Soon after that, Ricardo began speaking at local schools and community centers, sharing his upbringing and urging students to take their studies seriously.

He explains how Fullerton College has given him a new life with new goals: of creating a business that promotes renewable energy and eco-friendly homes in his community.

Yet now that his future is bright, he stands to lose it all if he's deported.

In May, after receiving a letter from ICE saying he had to voluntarily leave the country by June 9, he began alerting his friends of his possible deportation. Those friends — members of the Fullerton Dream Network chapter of the civil rights organization, the Coalition for Humane Immigrant Rights of Los Angeles – decided to launch a campaign to urge the federal government to stop Ricardo's deportation.

The chapter, comprised of students who advocate for federal and state legislation that would create a pathway for undocumented students like Ricardo to become legal residents, has so far collected about 5,000 handwritten signatures, and more 11,300 online signatures (via change.org.) in the last two weeks – the most for any one individual in the group's history.

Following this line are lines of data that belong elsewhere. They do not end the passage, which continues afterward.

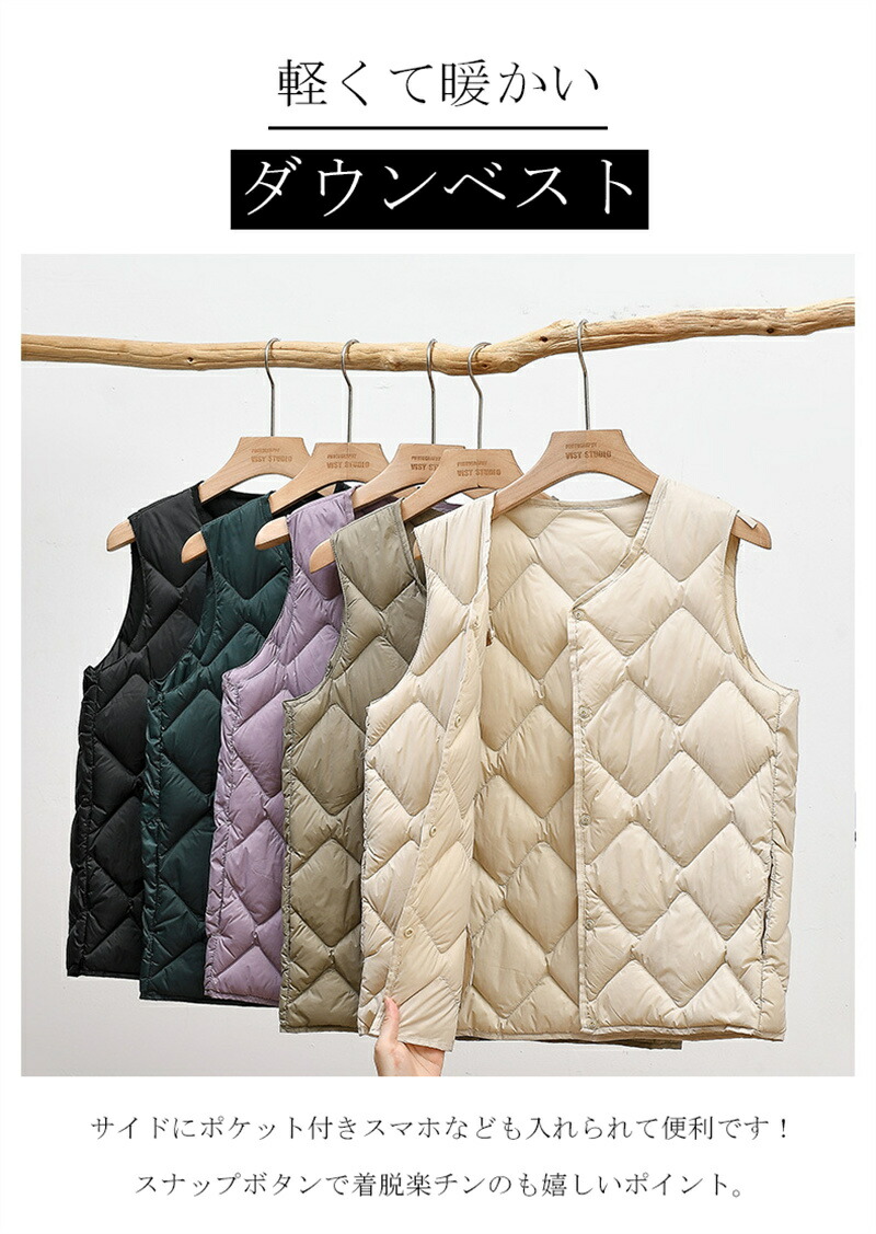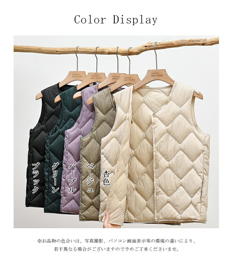 ダウンベスト アウター ジレ あったか レディースファッション 豊富 杏色 ベージュ グリーン パープル ブラック L XL 2XL 3XL 4XL
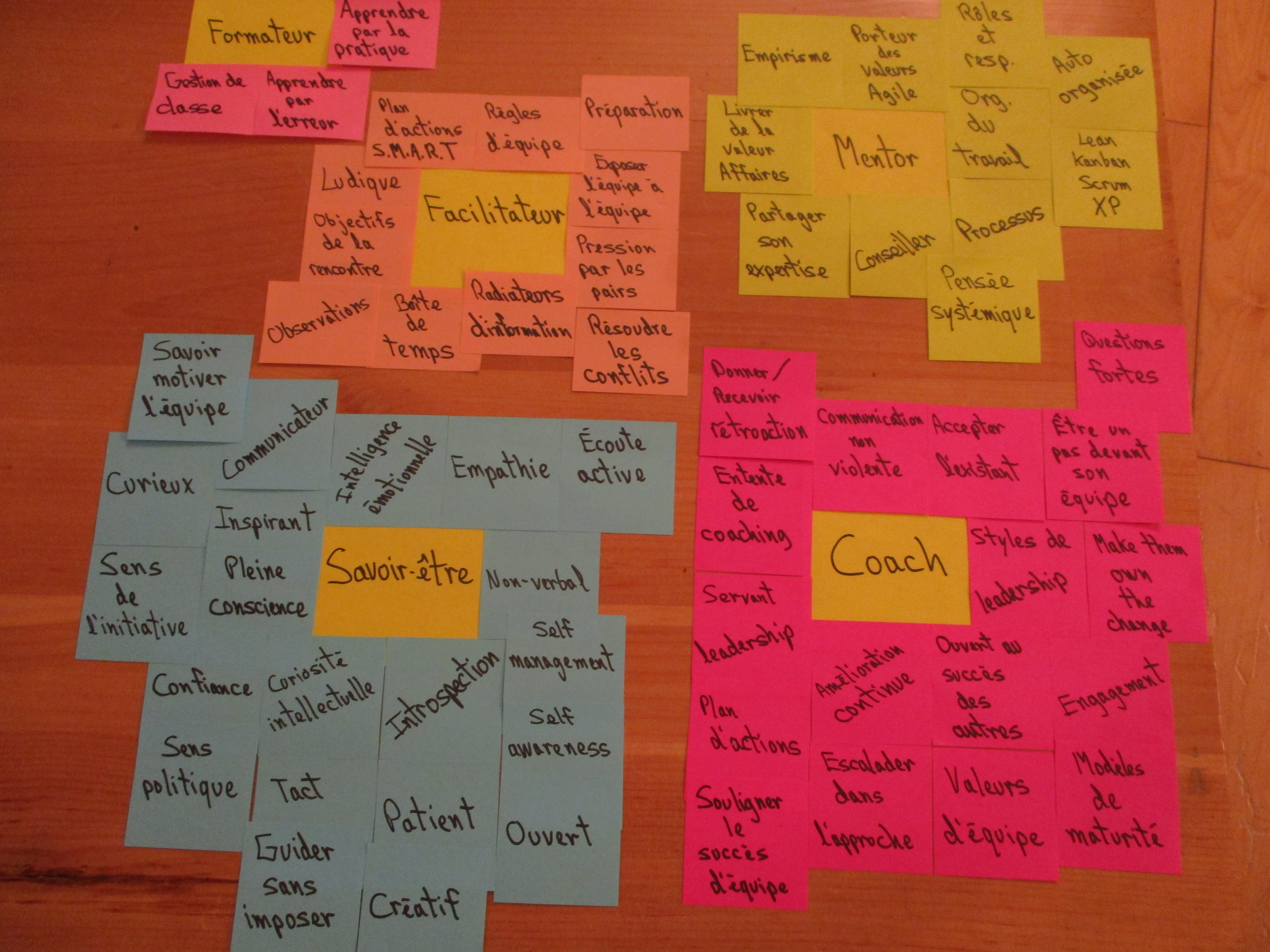 J’ai regroupé les Post-It par thème (formateur, facilitateur, mentor, coach et savoir-être). Ma première constatation fût que les thèmes coach et savoir-être étaient les plus forts. Cela fait du sens à mon avis puisque ce sont souvent ces compétences que j’utilise dans mon travail. Néanmoins, je fais appel à des postures de formateur, faciltateur et mentor au courant de ma journée bien que ces postures soient moins présentes.
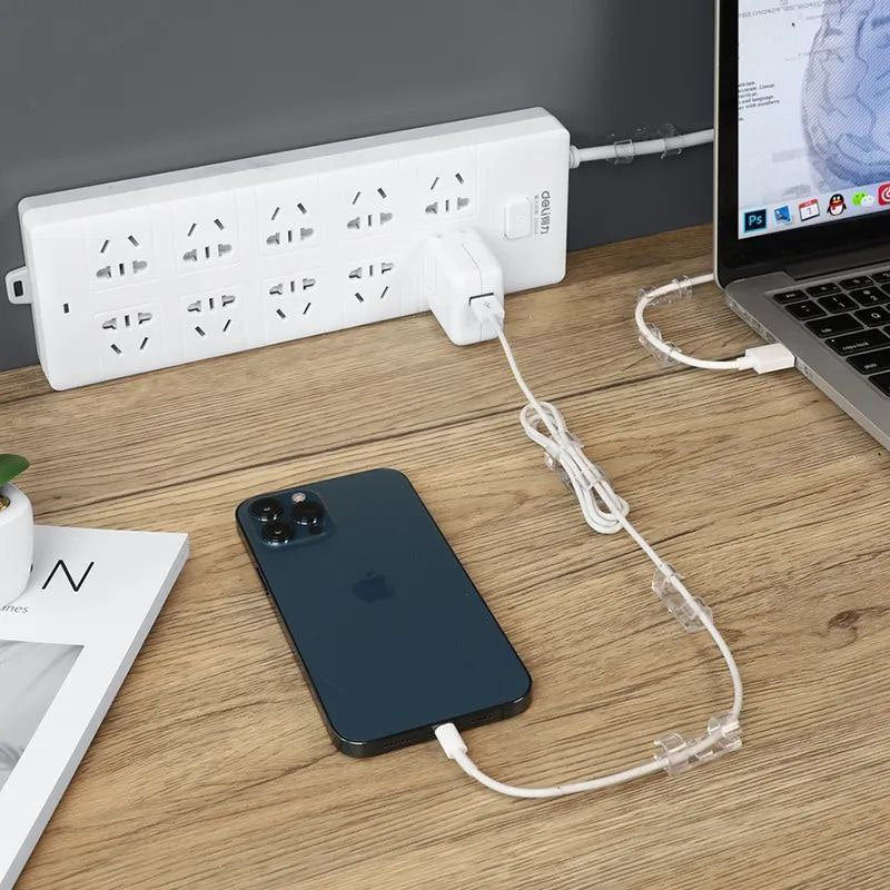 مشابك كابلات ذاتية اللصق مصممة لتنظيم الكابلات في المكتب، السيارة، والمنزل بكفاءة عالية. تأتي المجموعة بـ20 قطعة توفر حلاً عمليًا لإدارة الأسلاك
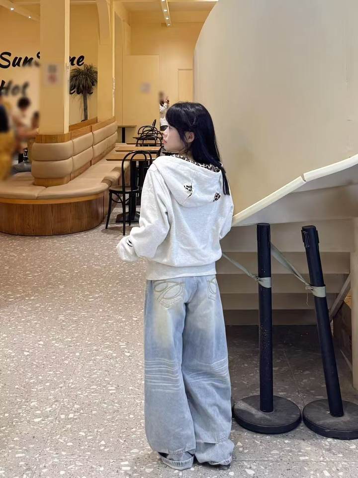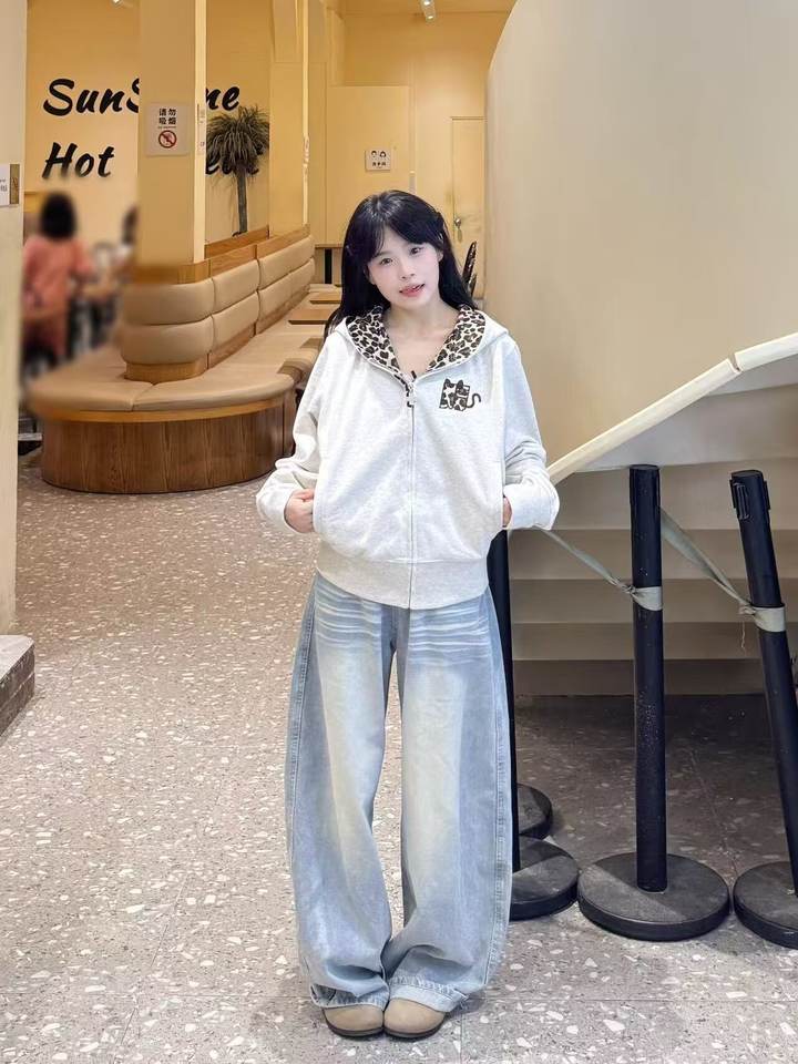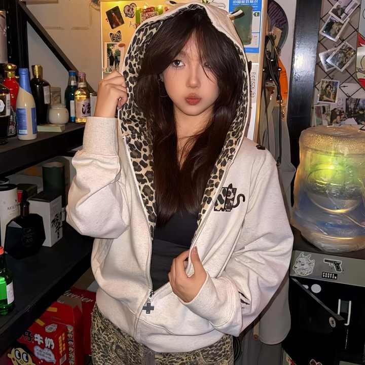 Sweat à capuche imprimé léopard Little Devil rétro américain pour homme, veste décontractée haut de gamme brodée pour le printemps/automne
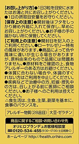 オリヒロ ローヤルゼリー3000 90粒。 商品紹介 チベット高原産ローヤルゼリー使用。 品質を損なわないようフリーズドライ(凍結乾燥)製法で粉末化したローヤルゼリーを使用。 ローヤルゼリー3000mg(生換算)。 1日目安量3粒中に生ローヤルゼリー換算3000mgとたっぷり配合しました。 安心の全国ローヤルゼリー公正取引協議会公正マーク付き1日3粒30日分(ハードカプセルタイプ) 若々しく美しい明日のために チベット高原は標高約3000mもの厳しい気候条件のため、細菌類が繁殖しにくく、安定した品質のローヤルゼリーを採集することができます。 本品はチベット高原産のローヤルゼリーを品質を損なわないようにフリーズドライ(凍結乾燥)製法で粉末化し、ハードカプセルに詰めました。 大自然の中で育まれたローヤルゼリーを貴方の大切な健康や美しさの維持にお役立てください。 内容画像 ハードカプセル 原材料・成分 乾燥ローヤルゼリー粉末(中国製造)、ビール酵母(大豆を含む)/ゼラチン、ステアリン酸Ca、着色料(二酸化チタン)。 製品1粒中ローヤルゼリー1000mg含有(生ローヤルゼリー換算)。 品質を損なわないようフリーズドライ(凍結乾燥)製法で粉末化したローヤルゼリーを使用。 内容量:90粒。 1日3粒30日分。 商品サイズ (幅×奥行×高さ) :サイズ:5.7×5.7×10cm。 S000-K9999
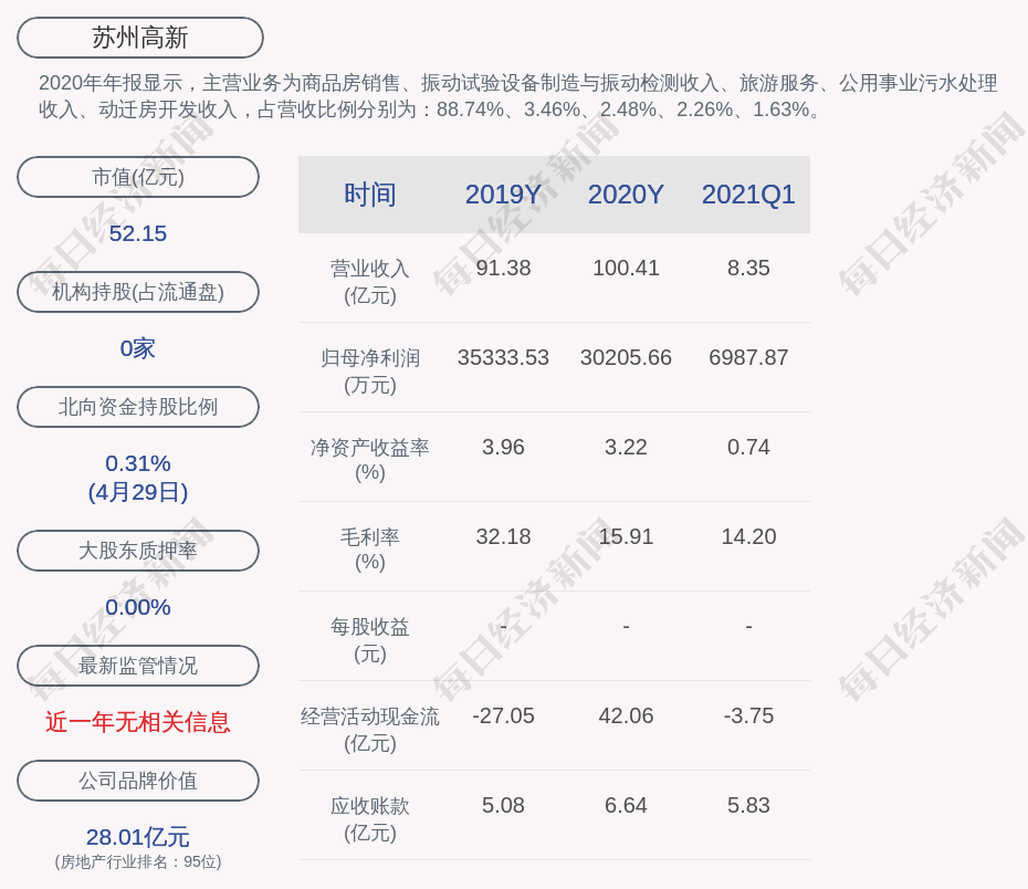 2020年年报显示,苏州高新的主营业务为商品房销售、振动试验设备制造与振动检测收入、旅游服务、公用事业污水处理收入、动迁房开发收入,占营收比例分别为:88.74%、3.46%、2.48%、2.26%、1.63%。
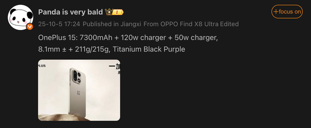 Thông tin về OnePlus 15 được tiết lộ trên mạng xã hội Weibo.
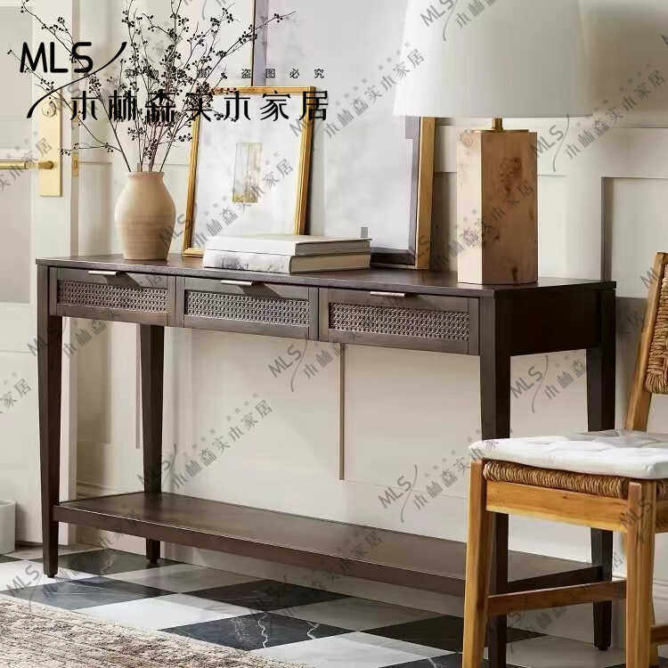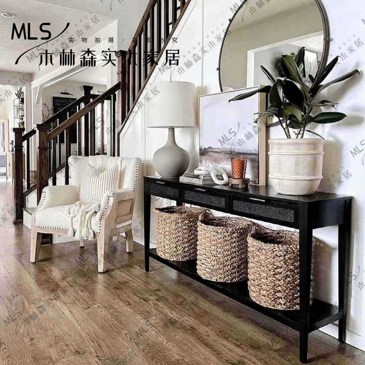 意式 轻奢创意实木玄关桌客厅端景台条案长条几过道柜置物台窄案台
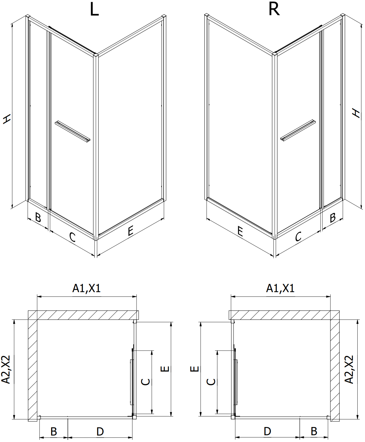 Sprchové kouty, dveře a stěny jsou standardně přizpůsobeny pro montáž na sprchové vaničky určitých rozměrů. Právě tyto rozměry jsou uvedeny v názvu nebo popisu výrobku. Je však třeba mít na paměti, že skutečné rozměry prvků se mohou mírně lišit od nominálních hodnot. V případě plánované instalace přímo na podlahu se doporučuje pečlivě zkontrolovat vnější rozměry a uspořádání prvků podle technického výkresu.
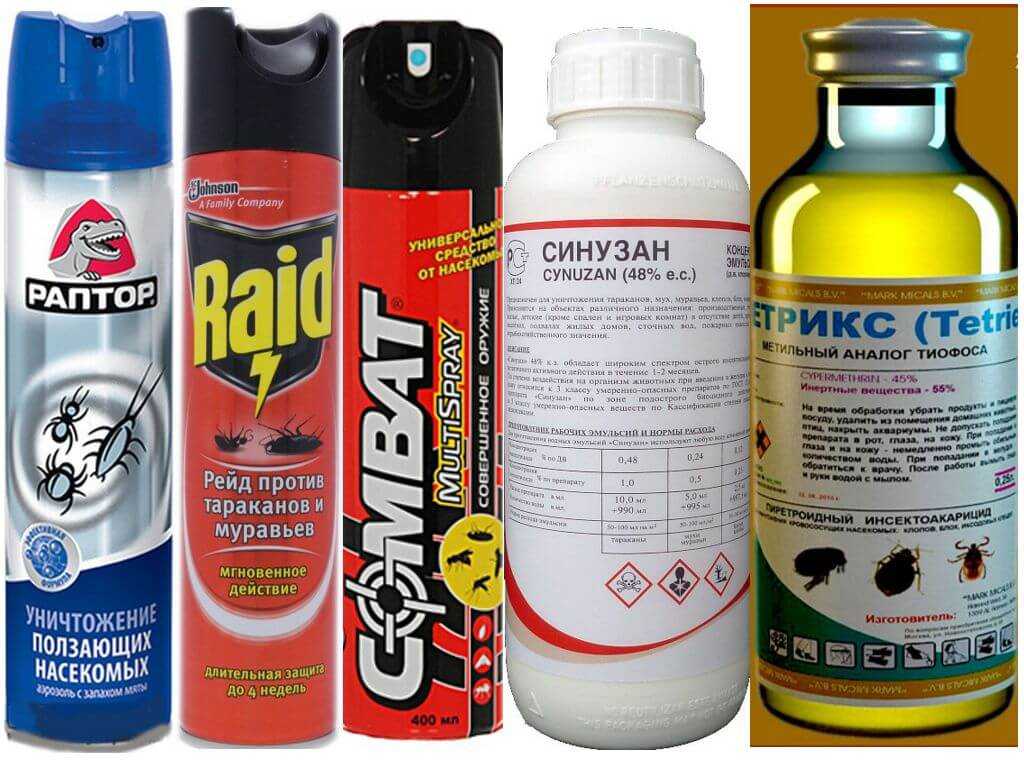 - Синузан — инсектицид, используемый профессионалами дезинсекции, имеет высокую эффективность, но сильно токсичный, поэтому требует применение качественных защитных средств при обработке химией квартиры;
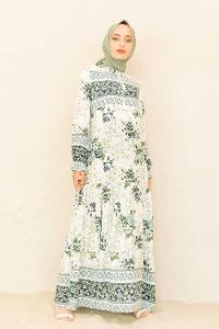 Modalamelif Yaka Bağlamalı Kilim Desen Elbise Yeşil
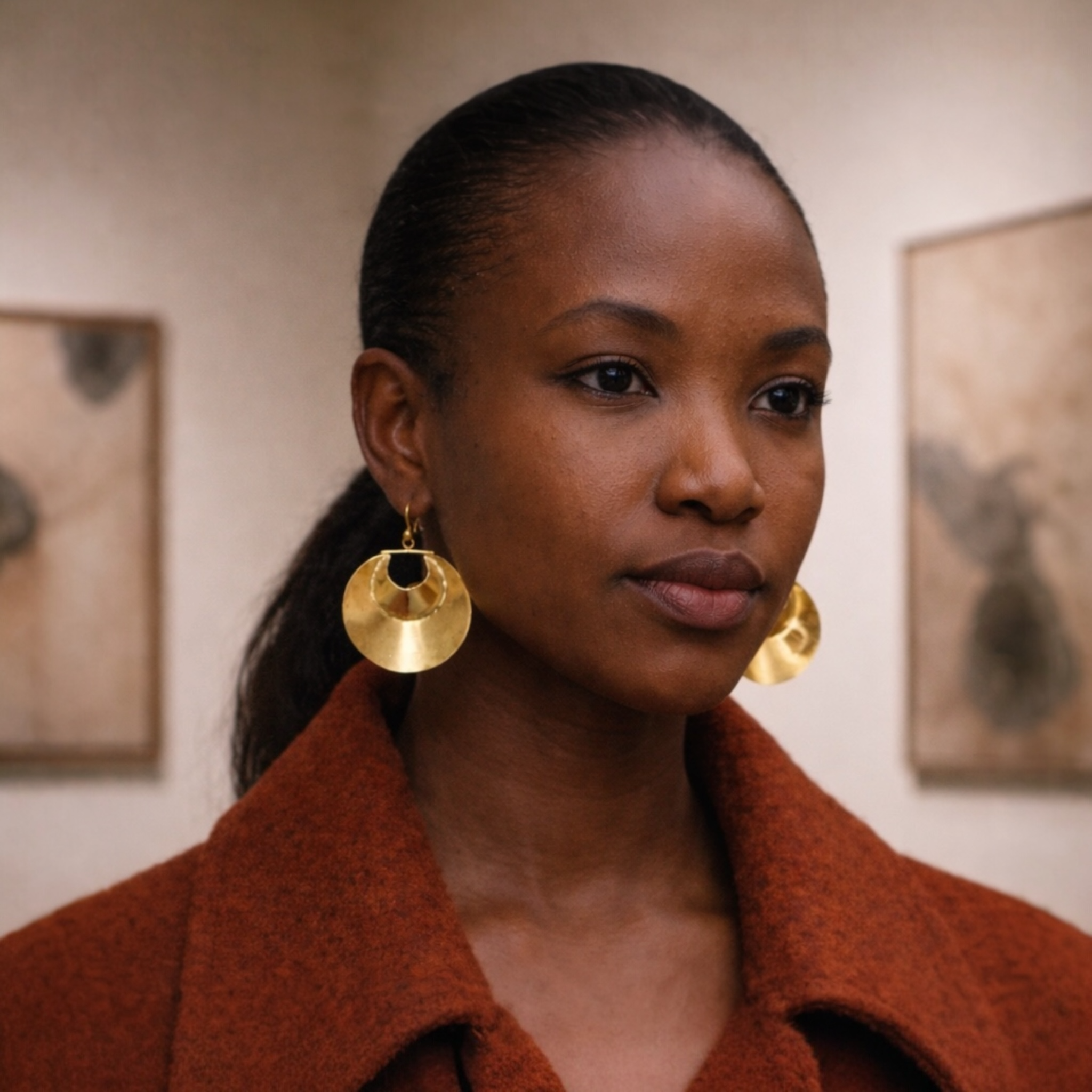 - Produktbeskrivelse: Zani-øredobbene er formet av lagdelte, håndhamrede messingplater som fanger lys med myk, skulpturell bevegelse.

On Friday, his attorney Jessica Dominguez, said she might request the courts to reopen Ricardo's case. For now, Ricardo says that all he can do is hope that the government sees the benefit of allowing him to stay.

"They already invested in us through public education... Wouldn't they want to see a return on their investment," he says.

"I know the person I am," he adds. "I'm far away from the person I used to be."